▶ _AVAILABLE DATA_
▽

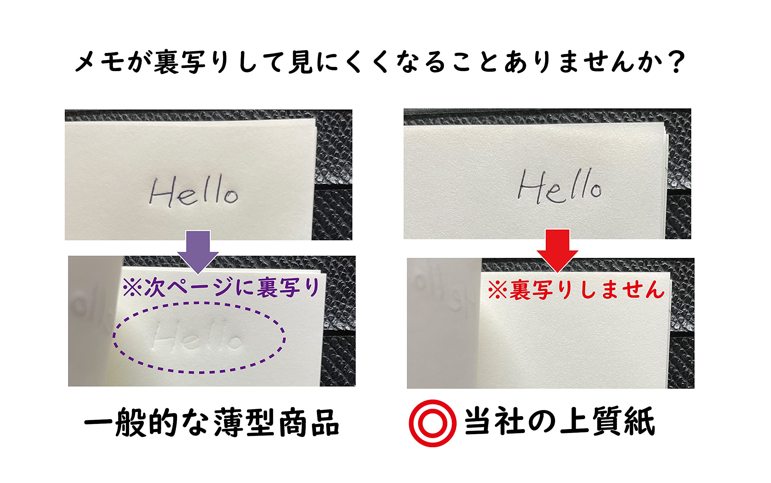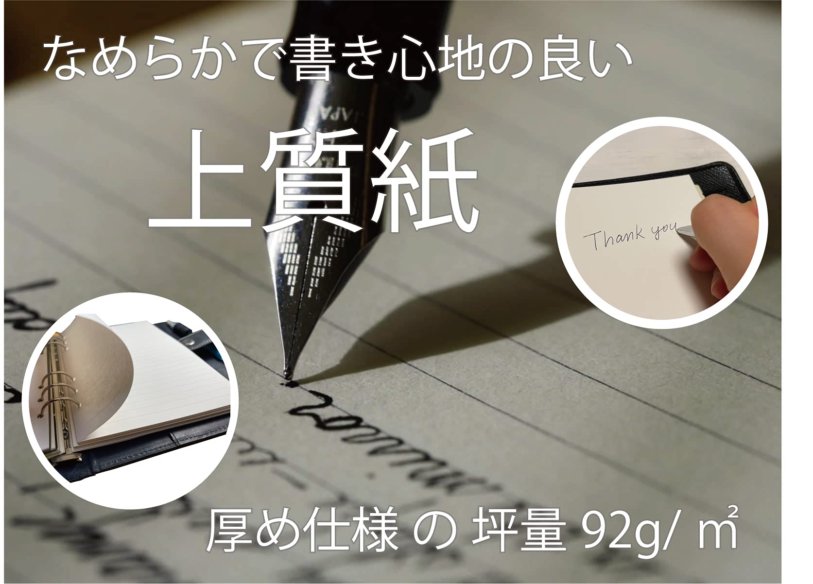 ??厚めの上質紙(92g/㎡)で書き心地抜群です。下敷きを敷かなくても次ページへ裏写りせず、インク滲みもしにくい仕様。
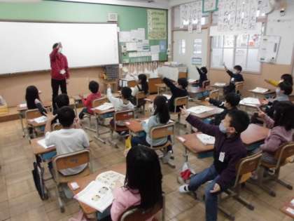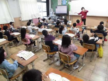 「せっ せっ せの よい よい よい」軽快なリズムが聞こえてきました。「おちゃらか ほい」の音楽に合わせて,先生とじゃんけんをしました。勝った時,負けた時,あいこの時と3つのゼスチャーを取り入れながら楽しくじゃんけんしました。
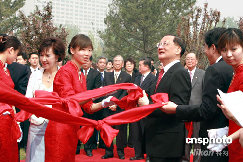 连战出席北京奥运村“水袖”雕塑安放仪式
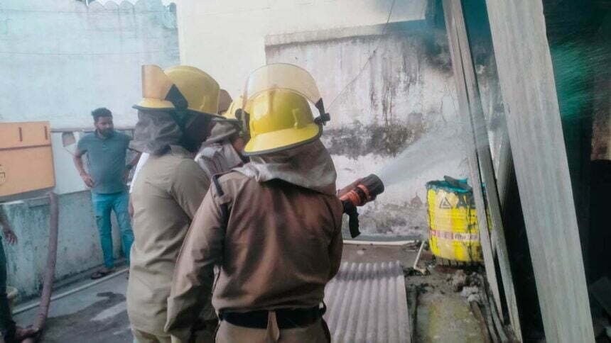मिली जानकारी के अनुसार दुर्ग के शनिचरी बाजार के मोहल्ला स्थित केदार गुप्ता के घर में आग लग गई। आग कैसे लगी इसका कारण पता नहीं चला। बताया जा रहा है कि शार्ट सर्किट के कारण यह आग लगी। देखते ही देखते आग फैलने लगी। शाम करी 5 बजे अग्निशमन एवं आपातकालीन सेवाओं के कार्यालय को सूचना मिली। सूचना मिलते ही आपदा प्रबंधन की टीम तुरंत मौके पर रवाना किया। मौके पर पहुंची टीम को ने ढ़ाई घंटे की मशक़्क़त के बाद आग पर क़ाबू पाया। इस पूरी कार्रवाई में जिला अग्निशमन अधिकारी नागेन्द्र कुमार सिंह अग्निशमन कर्मी धनु राम यादव, संतोष मढरिया, नरोत्तम टंडन, मोहनराव, जागेन्द्र मार्कंडेय, रमेश कुमार का काम सराहनीय रहा।
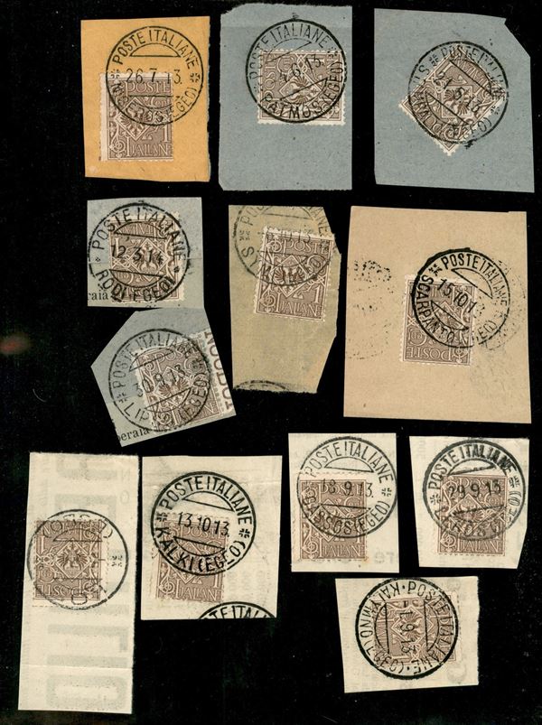 1913/1914 - dodici frammenti affrancati con 1 cent Floreale (68 Regno) annullati nelle diverse isole (manca Piscopi)
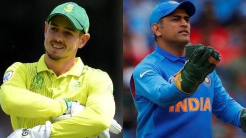 Most dismissals as Wicketkeeper in T20 World Cup: साउथ अफ्रीका के विकेटकीपर बल्लेबाज क्विंटन डी कॉक (Quinton de Kock) सोमवार (9 फरवरी) को अहमदाबाद के नरेंद्र मोदी स्टेडियम में कनाडा के खिलाफ हुए टी-20 वर्ल्ड कप मुकाबले में भले ही बल्लेबाजी में कुछ खास नहीं कर पाए लेकिन विकेटकीपिंग में उन्होंने कमाल रिकॉर्ड बना दिया।
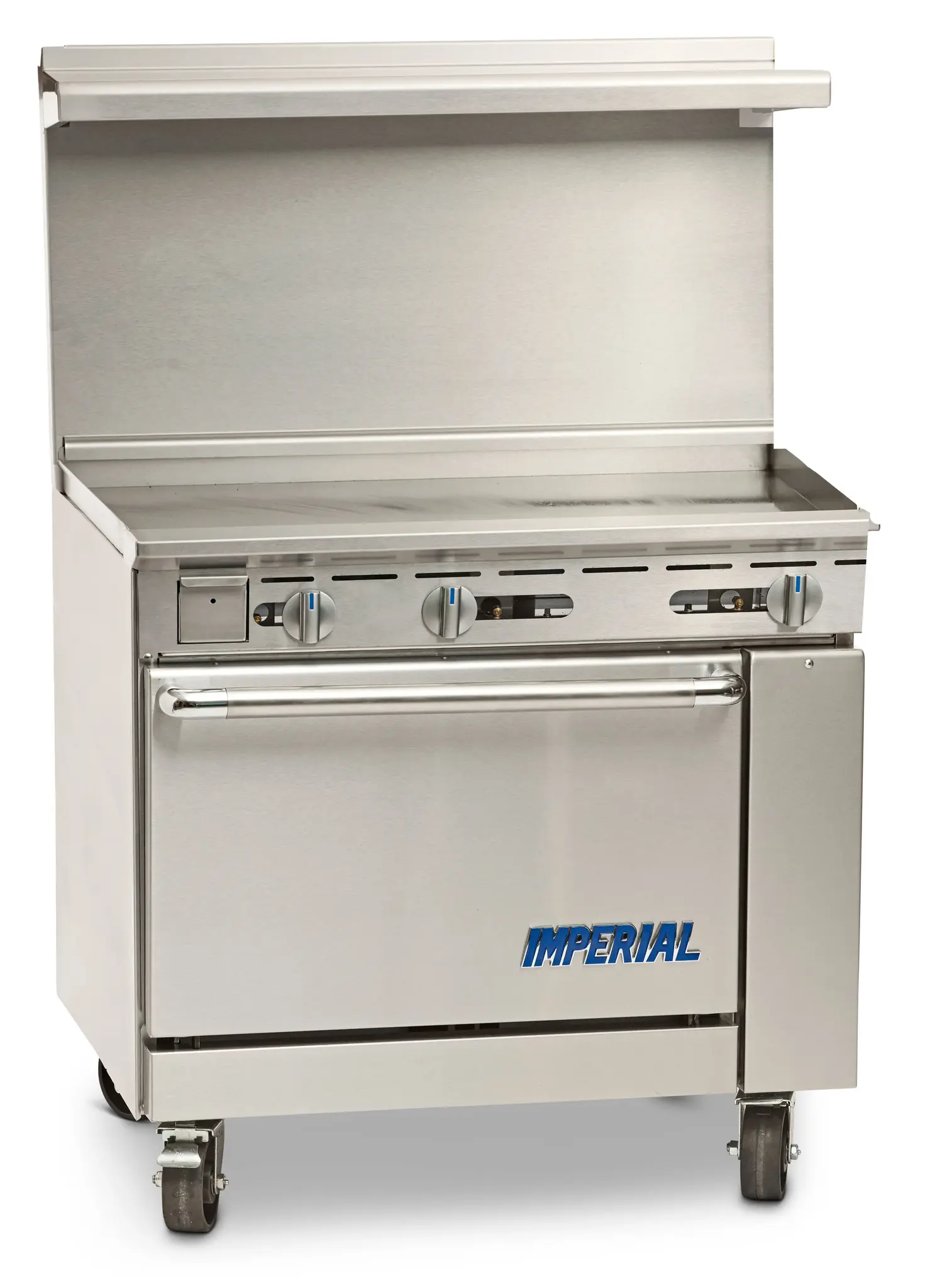 Experience kitchen innovation with the Imperial IR-G36 Range, a top-of-the-line gas restaurant range designed to elevate your culinary creations. This 36" range features a griddle and a standard oven, providing versatility and efficiency in one compact unit. The manual controls allow for precise temperature adjustments, ensuring consistent cooking results every time. The 3" grease trough, removable grease can, and crumb tray make cleaning a breeze, saving you valuable time in a busy restaurant kitchen. Crafted with a stainless steel front, sides, backguard, landing ledge, and kick plate, this range is not only durable but also adds a sleek and professional look to your kitchen. With a powerful 95000 BTU, this range delivers exceptional cooking performance, allowing you to handle high-volume cooking with ease. NSF, CE, CSA Flame, and CSA Star certifications guarantee the quality and safety of this product. Upgrade your restaurant kitchen with the Imperial IR-G36 Range and experience the difference in efficiency and performance.

△

▶ _DIRECTIONS_
Retype all the records shown above, character for character. Omit every picture.

▶ _RESPONSE TO THE TASK_
 ??厚めの上質紙(92g/㎡)で書き心地抜群です。下敷きを敷かなくても次ページへ裏写りせず、インク滲みもしにくい仕様。
 「せっ せっ せの よい よい よい」軽快なリズムが聞こえてきました。「おちゃらか ほい」の音楽に合わせて,先生とじゃんけんをしました。勝った時,負けた時,あいこの時と3つのゼスチャーを取り入れながら楽しくじゃんけんしました。
 连战出席北京奥运村“水袖”雕塑安放仪式
मिली जानकारी के अनुसार दुर्ग के शनिचरी बाजार के मोहल्ला स्थित केदार गुप्ता के घर में आग लग गई। आग कैसे लगी इसका कारण पता नहीं चला। बताया जा रहा है कि शार्ट सर्किट के कारण यह आग लगी। देखते ही देखते आग फैलने लगी। शाम करी 5 बजे अग्निशमन एवं आपातकालीन सेवाओं के कार्यालय को सूचना मिली। सूचना मिलते ही आपदा प्रबंधन की टीम तुरंत मौके पर रवाना किया। मौके पर पहुंची टीम को ने ढ़ाई घंटे की मशक़्क़त के बाद आग पर क़ाबू पाया। इस पूरी कार्रवाई में जिला अग्निशमन अधिकारी नागेन्द्र कुमार सिंह अग्निशमन कर्मी धनु राम यादव, संतोष मढरिया, नरोत्तम टंडन, मोहनराव, जागेन्द्र मार्कंडेय, रमेश कुमार का काम सराहनीय रहा।
 1913/1914 - dodici frammenti affrancati con 1 cent Floreale (68 Regno) annullati nelle diverse isole (manca Piscopi)
 Most dismissals as Wicketkeeper in T20 World Cup: साउथ अफ्रीका के विकेटकीपर बल्लेबाज क्विंटन डी कॉक (Quinton de Kock) सोमवार (9 फरवरी) को अहमदाबाद के नरेंद्र मोदी स्टेडियम में कनाडा के खिलाफ हुए टी-20 वर्ल्ड कप मुकाबले में भले ही बल्लेबाजी में कुछ खास नहीं कर पाए लेकिन विकेटकीपिंग में उन्होंने कमाल रिकॉर्ड बना दिया।
 Experience kitchen innovation with the Imperial IR-G36 Range, a top-of-the-line gas restaurant range designed to elevate your culinary creations. This 36" range features a griddle and a standard oven, providing versatility and efficiency in one compact unit. The manual controls allow for precise temperature adjustments, ensuring consistent cooking results every time. The 3" grease trough, removable grease can, and crumb tray make cleaning a breeze, saving you valuable time in a busy restaurant kitchen. Crafted with a stainless steel front, sides, backguard, landing ledge, and kick plate, this range is not only durable but also adds a sleek and professional look to your kitchen. With a powerful 95000 BTU, this range delivers exceptional cooking performance, allowing you to handle high-volume cooking with ease. NSF, CE, CSA Flame, and CSA Star certifications guarantee the quality and safety of this product. Upgrade your restaurant kitchen with the Imperial IR-G36 Range and experience the difference in efficiency and performance.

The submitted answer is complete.